▶ **What you should do**
Where a line in the material below has the string "with", please report it.

▶ **Data provided**
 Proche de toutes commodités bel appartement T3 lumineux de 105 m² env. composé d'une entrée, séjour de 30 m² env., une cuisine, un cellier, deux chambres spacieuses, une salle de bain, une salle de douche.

--

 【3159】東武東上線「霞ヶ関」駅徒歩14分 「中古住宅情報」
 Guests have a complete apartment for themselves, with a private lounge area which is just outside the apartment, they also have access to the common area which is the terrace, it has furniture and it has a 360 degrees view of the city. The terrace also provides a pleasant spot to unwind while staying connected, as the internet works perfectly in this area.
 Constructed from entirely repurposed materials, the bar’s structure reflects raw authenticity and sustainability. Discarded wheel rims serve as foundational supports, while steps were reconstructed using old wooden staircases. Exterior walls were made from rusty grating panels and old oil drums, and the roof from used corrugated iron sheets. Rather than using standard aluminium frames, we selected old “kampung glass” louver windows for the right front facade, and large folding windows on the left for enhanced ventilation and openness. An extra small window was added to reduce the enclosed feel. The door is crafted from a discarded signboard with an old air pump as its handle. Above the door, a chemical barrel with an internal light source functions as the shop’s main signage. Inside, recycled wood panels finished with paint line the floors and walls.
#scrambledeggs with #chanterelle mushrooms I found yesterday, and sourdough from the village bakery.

▶ **Solution to this problem**
 Guests have a complete apartment for themselves, with a private lounge area which is just outside the apartment, they also have access to the common area which is the terrace, it has furniture and it has a 360 degrees view of the city. The terrace also provides a pleasant spot to unwind while staying connected, as the internet works perfectly in this area.
 Constructed from entirely repurposed materials, the bar’s structure reflects raw authenticity and sustainability. Discarded wheel rims serve as foundational supports, while steps were reconstructed using old wooden staircases. Exterior walls were made from rusty grating panels and old oil drums, and the roof from used corrugated iron sheets. Rather than using standard aluminium frames, we selected old “kampung glass” louver windows for the right front facade, and large folding windows on the left for enhanced ventilation and openness. An extra small window was added to reduce the enclosed feel. The door is crafted from a discarded signboard with an old air pump as its handle. Above the door, a chemical barrel with an internal light source functions as the shop’s main signage. Inside, recycled wood panels finished with paint line the floors and walls.
#scrambledeggs with #chanterelle mushrooms I found yesterday, and sourdough from the village bakery.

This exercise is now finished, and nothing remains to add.